● Supplied data:
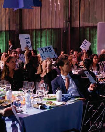 Photo Key: 1. Children’s Aid staff honoree representatives with President and CEO Phoebe C. Boyer, pictured in the center of the group. 2. From left, student co-hosts Daren Manning and Sockona Doucoure emcee the event and describe their experiences at our Hope Leadership Academy. 3. Guests raise their paddles in support of our young people during the direct pledge and auction. 4. Back row, from right, David Vaucher and Trustee Gregory E. Kerr, M.D., with their table guests. 5. At the cocktail reception, from left, Trustee Eren Rosenfeld, Trustee Russell Diamond and Mica Diamond, and Trustee Linda Kao. 6. Children’s Aid youth ambassador Tauryian Sparrow recounts her years in our foster care program and her relationship with her Children’s Aid mentor. 7. Executive Vice President Sandra Escamilla-Davies speaks from the podium. 8. Piper Sandler guests with Todd Snyder, fifth from left, and President and CEO Phoebe C. Boyer, sixth from left.
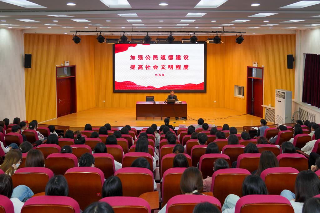 报告会上,刘西海紧密结合军旅生涯和精神文明建设工作经历与心得,以《加强公民道德建设提高社会文明程度》为主题,以典型案例和楷模人物的感人事迹为切入点,从要深刻理解加强公民道德建设的重要意义、要看到在文明素质方面存在的差距、要努力提高道德自觉实践能力三个方面为师生作了一场精彩的专题报告。张瑞霞以《我用所爱报党恩》为题,结合自身经历现身说法,讲述了她孝老爱亲、自强不息,深感党恩、回馈社会的感人事迹,深入浅出、娓娓道来,讲内心、讲行动,讲成长、讲奉献,讲得实在、讲得深情。两位嘉宾的宣讲,内容丰富、内涵深邃,让师生深深感受到来自精神文明社会的温暖。在场师生纷纷表示今后要以道德模范、身边好人为榜样,遵守社会公德、积极服务社会,自觉做校园和城市文明建设的践行者。
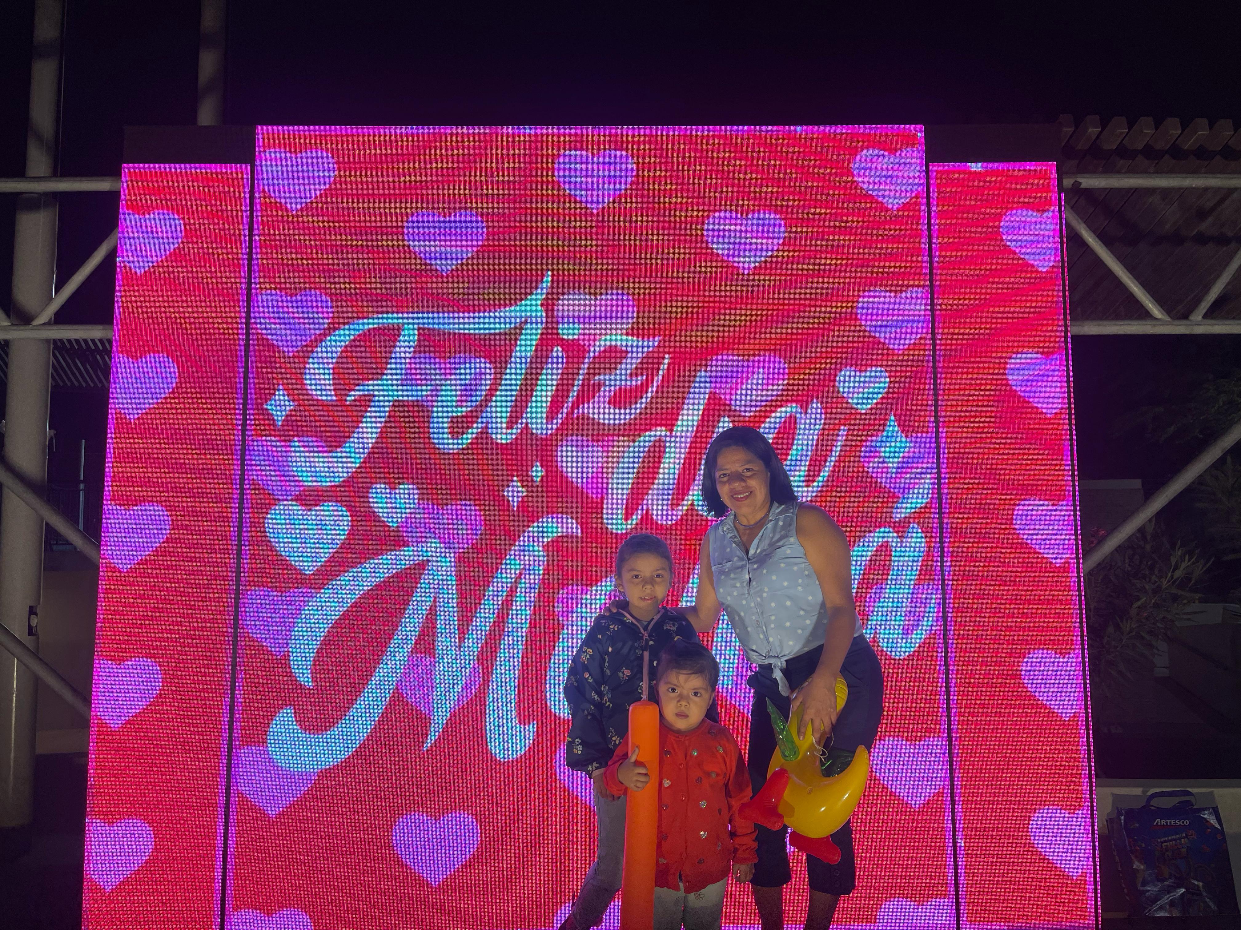 La Municipalidad de Piura aportó al ambiente festivo con la instalación de una pantalla en el parque, que fue punto de encuentro para fotos y recuerdos en torno a este ser tan querido que celebraría su día al día siguiente.
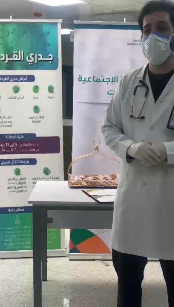 أقام مركز التنميه الاجتماعية بالقريات بالتعاون مع صحة القريات اليوم الثلاثاء الموافق ١٤٤٤/١/٢٥هـ محاضره بعنوان (جدري القرود)بمقر مستوصف الحميدية
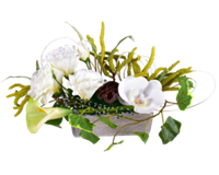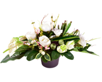 | Jardinière crème Jardinière avec lysianthus, phalénos, arums. Astibles et lotus dans contenant lesté - Couleur crème - Dimensions 38 x 13 cm et H 24 cm -
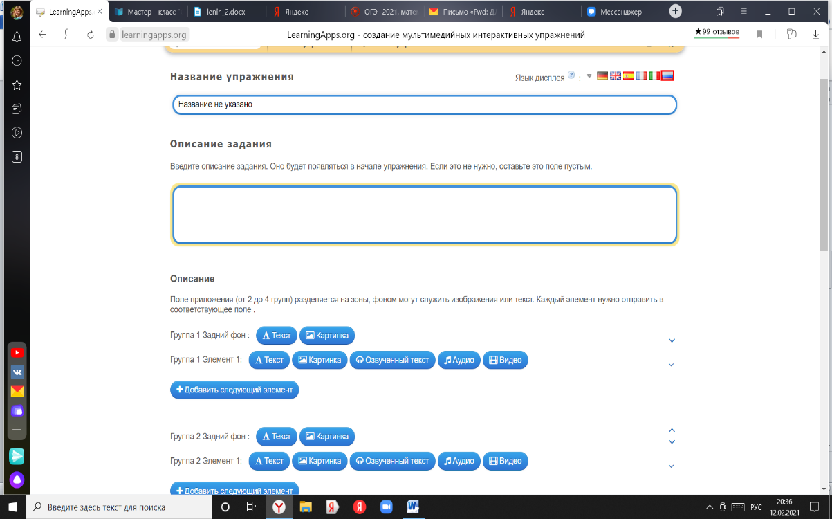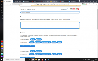 Рисунок 6. Заполнение вкладок при создании нового упражнения с помощью сервиса Learningapps.org
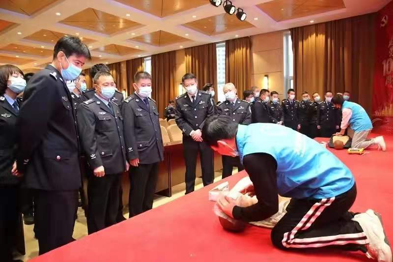 為進(jìn)一步加強(qiáng)民警身心健康保護(hù),為春運(yùn)安保、冬奧安保打下基礎(chǔ),近日,太原鐵路公安局大同公安處邀請(qǐng)山西省紅十字賑災(zāi)救援搜救隊(duì)為全處干部民警開展應(yīng)急救護(hù)技能培訓(xùn)講座,進(jìn)一步提高民警自救意識(shí)和急救水平。圖為培訓(xùn)現(xiàn)場。
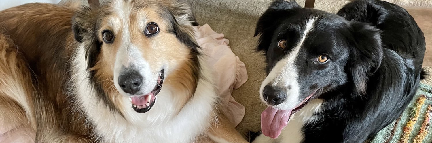 Scottish Collie pup following in Wilma’s paw prints
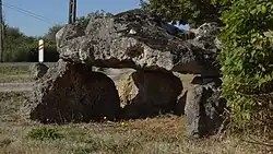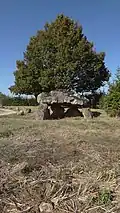 Der narbige Dolmen aus Puddingstein besitzt einen etwa 3,0 × 2,0 m großen ovalen Deckstein, der auf drei Tragsteinen liegt, einen weiteren Seitenstein besitzt und nach Süden offen ist, wo möglicherweise Steine fehlen. Der Zugang fehlt und lag wahrscheinlich im Osten.
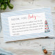 Este encantador cartão de recinto sobre temas náuticos é uma maneira sincera de convidar convidados a compartilhar uma história amada com um dentro de mensagem pessoal. O livro deles será tesouro durante anos, enchendo a biblioteca do nosso bebê com amor, aventura e memórias de queridos amigos e familiares. Uma adição perfeita ao seu chá de fraldas náutico, esta placa de gabinete apresenta um design marítimo elegante com marinho clássico e tons brancos, fazer-a uma bela marca de manutenção.
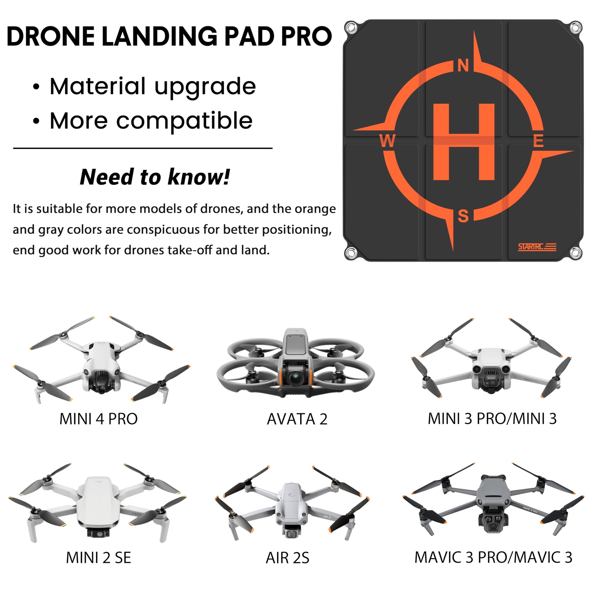 ["【Universal Drone Landing Pad】STARTRC Foldable Drone landing pad can be used for DJI Neo/Avata 2/Mini 4 Pro/Air 3/Mavic 3 Pro/Mini 3 Pro/Mini 2 SE/Air 3S /Mavic Mini 2/Mavic Air 2/Mavic 2 Pro/Zoom/Mavic Pro/DJI FPV/Holy Stone in any environment as the perfect take-off and landing area.","【Functional & Portable】55 x 55cm (22" x 22") size, easily foldable for you to take it anywhere. Help your drone to easily find the take-off position, strong enough to use on sand, grass, rough terrain, or snow.","【Premium waterproof material】STARTRC Landing Pad is made of high-quality waterproof PU PVC material, lightweight and dirt-resistant. It only takes a bottle of water to refresh the landing platform.","【Perfect Design】Double-sided color design (Gray-Orange) with highlighted landing area; Easy to fold and quick to store; Comes with a waterproof storage bag for easy outdoor storage and transport.","【Package includes】1x Drone Landing Pad (22"), 1x Waterproof Storage Bag."]
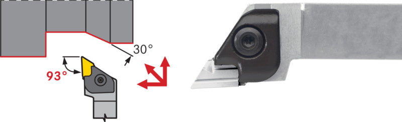 pozitivní geometrie řezání vyměnitelné břitové destičky zajišťuje nízkou sílu řezání.
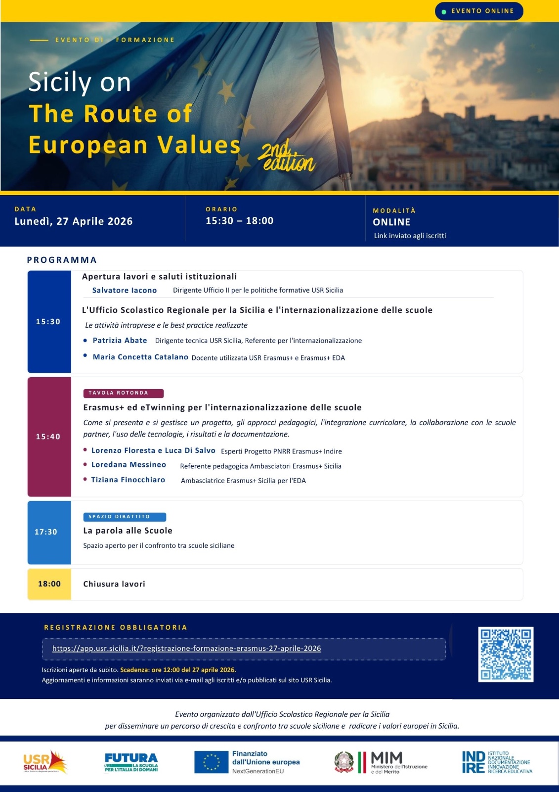 L’Ufficio scolastico regionale per la Sicilia organizza un evento di formazione sui programmi Erasmus+ e Twinning che si svolgerà in modalità telematica, lunedì 27 aprile 2026, dalle ore 15:30 alle ore 18:00. L’incontro formativo, rivolto ai Dirigenti scolastici e ai docenti, mira ad offrire un approfondimento sui progetti europei, con lo scopo di integrare l’offerta dei programmi Erasmus+ ed eTwinning in una dimensione sistemica e di alto valore formativo per l’internazionalizzazione dell’intera comunità scolastica. I partecipanti possono iscriversi mediante la compilazione del form di seguito indicato: https://app.usr.sicilia.it/?registrazione-formazione-erasmus-27-aprile-2026
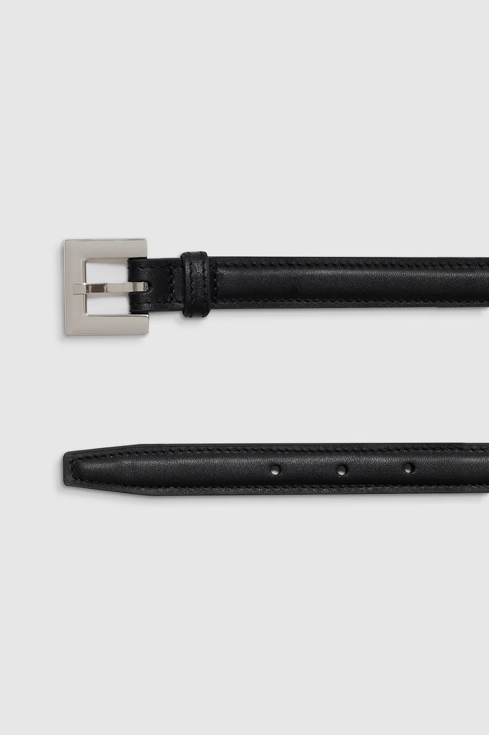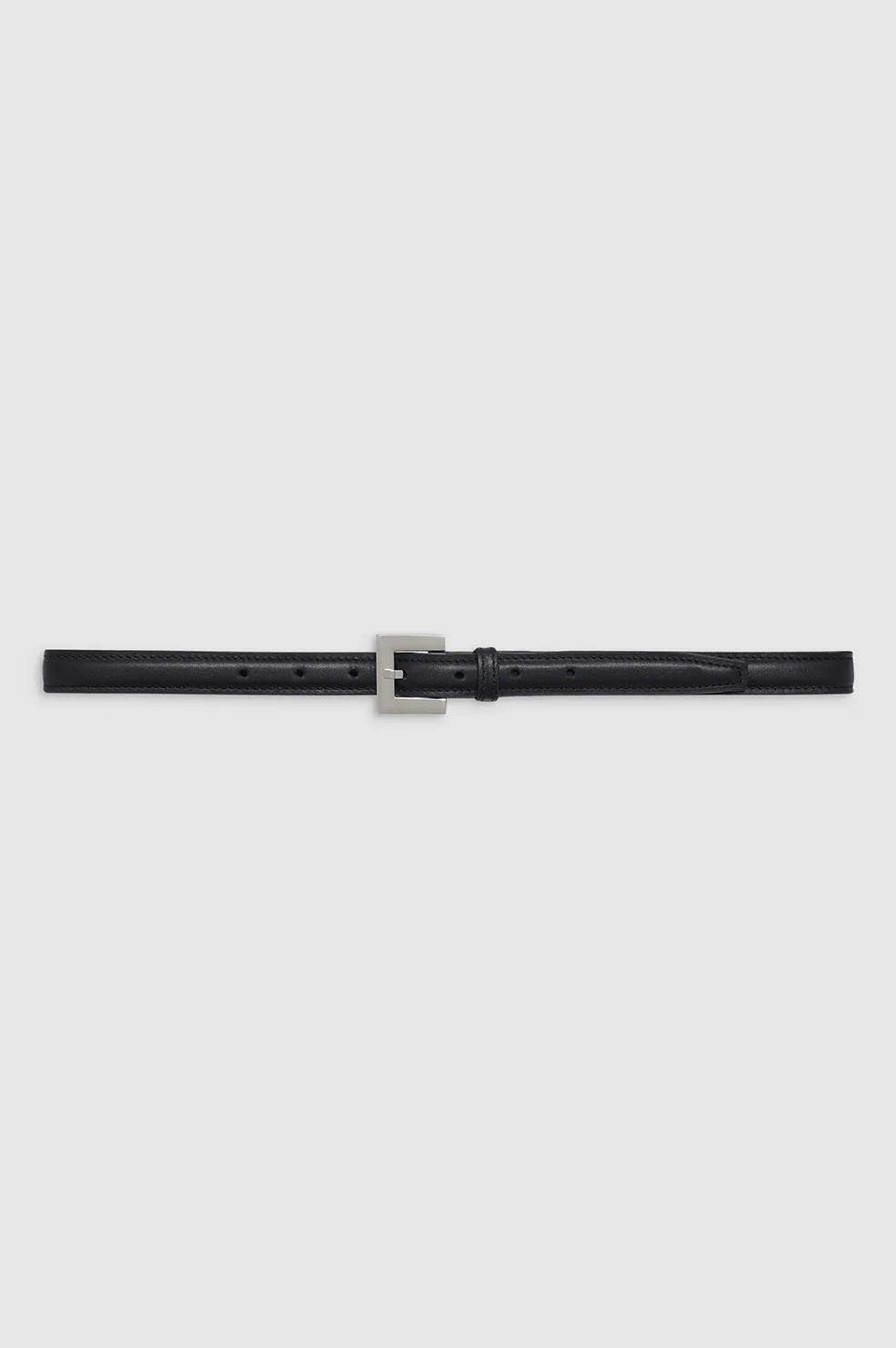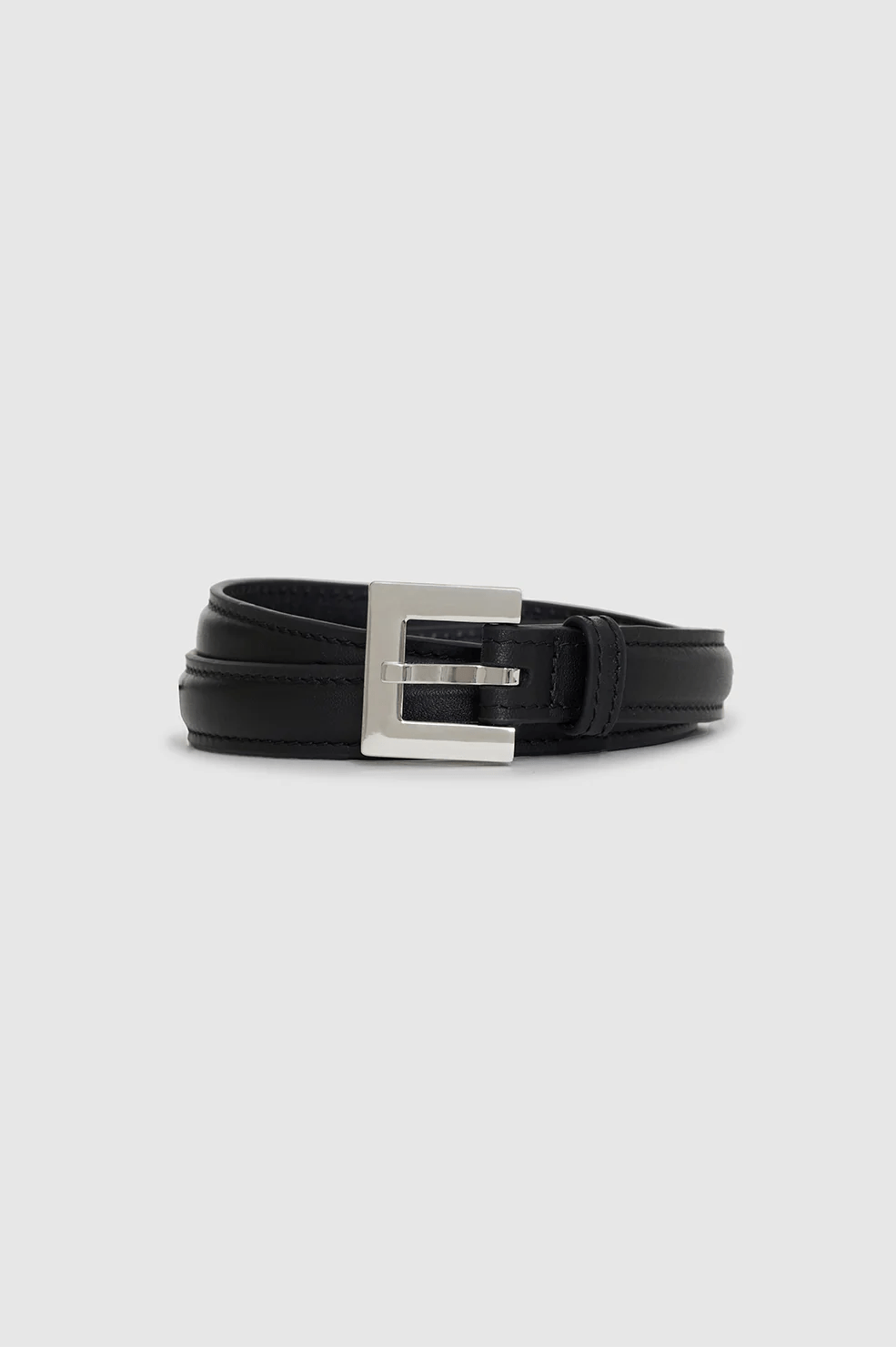 The Nicola Belt is crafted from black 100% leather with a slight sheen. This everyday style is slightly padded and features a custom square-shaped buckle in silver-tone hardware engraved with subtle ANINE BING branding.

● What you are asked to do:
Would it be possible to copy the material exactly, excluding the images?

● Task answer:
 Photo Key: 1. Children’s Aid staff honoree representatives with President and CEO Phoebe C. Boyer, pictured in the center of the group. 2. From left, student co-hosts Daren Manning and Sockona Doucoure emcee the event and describe their experiences at our Hope Leadership Academy. 3. Guests raise their paddles in support of our young people during the direct pledge and auction. 4. Back row, from right, David Vaucher and Trustee Gregory E. Kerr, M.D., with their table guests. 5. At the cocktail reception, from left, Trustee Eren Rosenfeld, Trustee Russell Diamond and Mica Diamond, and Trustee Linda Kao. 6. Children’s Aid youth ambassador Tauryian Sparrow recounts her years in our foster care program and her relationship with her Children’s Aid mentor. 7. Executive Vice President Sandra Escamilla-Davies speaks from the podium. 8. Piper Sandler guests with Todd Snyder, fifth from left, and President and CEO Phoebe C. Boyer, sixth from left.
 报告会上,刘西海紧密结合军旅生涯和精神文明建设工作经历与心得,以《加强公民道德建设提高社会文明程度》为主题,以典型案例和楷模人物的感人事迹为切入点,从要深刻理解加强公民道德建设的重要意义、要看到在文明素质方面存在的差距、要努力提高道德自觉实践能力三个方面为师生作了一场精彩的专题报告。张瑞霞以《我用所爱报党恩》为题,结合自身经历现身说法,讲述了她孝老爱亲、自强不息,深感党恩、回馈社会的感人事迹,深入浅出、娓娓道来,讲内心、讲行动,讲成长、讲奉献,讲得实在、讲得深情。两位嘉宾的宣讲,内容丰富、内涵深邃,让师生深深感受到来自精神文明社会的温暖。在场师生纷纷表示今后要以道德模范、身边好人为榜样,遵守社会公德、积极服务社会,自觉做校园和城市文明建设的践行者。
 La Municipalidad de Piura aportó al ambiente festivo con la instalación de una pantalla en el parque, que fue punto de encuentro para fotos y recuerdos en torno a este ser tan querido que celebraría su día al día siguiente.
 أقام مركز التنميه الاجتماعية بالقريات بالتعاون مع صحة القريات اليوم الثلاثاء الموافق ١٤٤٤/١/٢٥هـ محاضره بعنوان (جدري القرود)بمقر مستوصف الحميدية
 | Jardinière crème Jardinière avec lysianthus, phalénos, arums. Astibles et lotus dans contenant lesté - Couleur crème - Dimensions 38 x 13 cm et H 24 cm -
 Рисунок 6. Заполнение вкладок при создании нового упражнения с помощью сервиса Learningapps.org
 為進(jìn)一步加強(qiáng)民警身心健康保護(hù),為春運(yùn)安保、冬奧安保打下基礎(chǔ),近日,太原鐵路公安局大同公安處邀請(qǐng)山西省紅十字賑災(zāi)救援搜救隊(duì)為全處干部民警開展應(yīng)急救護(hù)技能培訓(xùn)講座,進(jìn)一步提高民警自救意識(shí)和急救水平。圖為培訓(xùn)現(xiàn)場。
 Scottish Collie pup following in Wilma’s paw prints
 Der narbige Dolmen aus Puddingstein besitzt einen etwa 3,0 × 2,0 m großen ovalen Deckstein, der auf drei Tragsteinen liegt, einen weiteren Seitenstein besitzt und nach Süden offen ist, wo möglicherweise Steine fehlen. Der Zugang fehlt und lag wahrscheinlich im Osten.
 Este encantador cartão de recinto sobre temas náuticos é uma maneira sincera de convidar convidados a compartilhar uma história amada com um dentro de mensagem pessoal. O livro deles será tesouro durante anos, enchendo a biblioteca do nosso bebê com amor, aventura e memórias de queridos amigos e familiares. Uma adição perfeita ao seu chá de fraldas náutico, esta placa de gabinete apresenta um design marítimo elegante com marinho clássico e tons brancos, fazer-a uma bela marca de manutenção.
 ["【Universal Drone Landing Pad】STARTRC Foldable Drone landing pad can be used for DJI Neo/Avata 2/Mini 4 Pro/Air 3/Mavic 3 Pro/Mini 3 Pro/Mini 2 SE/Air 3S /Mavic Mini 2/Mavic Air 2/Mavic 2 Pro/Zoom/Mavic Pro/DJI FPV/Holy Stone in any environment as the perfect take-off and landing area.","【Functional & Portable】55 x 55cm (22" x 22") size, easily foldable for you to take it anywhere. Help your drone to easily find the take-off position, strong enough to use on sand, grass, rough terrain, or snow.","【Premium waterproof material】STARTRC Landing Pad is made of high-quality waterproof PU PVC material, lightweight and dirt-resistant. It only takes a bottle of water to refresh the landing platform.","【Perfect Design】Double-sided color design (Gray-Orange) with highlighted landing area; Easy to fold and quick to store; Comes with a waterproof storage bag for easy outdoor storage and transport.","【Package includes】1x Drone Landing Pad (22"), 1x Waterproof Storage Bag."]
 pozitivní geometrie řezání vyměnitelné břitové destičky zajišťuje nízkou sílu řezání.
 L’Ufficio scolastico regionale per la Sicilia organizza un evento di formazione sui programmi Erasmus+ e Twinning che si svolgerà in modalità telematica, lunedì 27 aprile 2026, dalle ore 15:30 alle ore 18:00. L’incontro formativo, rivolto ai Dirigenti scolastici e ai docenti, mira ad offrire un approfondimento sui progetti europei, con lo scopo di integrare l’offerta dei programmi Erasmus+ ed eTwinning in una dimensione sistemica e di alto valore formativo per l’internazionalizzazione dell’intera comunità scolastica. I partecipanti possono iscriversi mediante la compilazione del form di seguito indicato: https://app.usr.sicilia.it/?registrazione-formazione-erasmus-27-aprile-2026
 The Nicola Belt is crafted from black 100% leather with a slight sheen. This everyday style is slightly padded and features a custom square-shaped buckle in silver-tone hardware engraved with subtle ANINE BING branding.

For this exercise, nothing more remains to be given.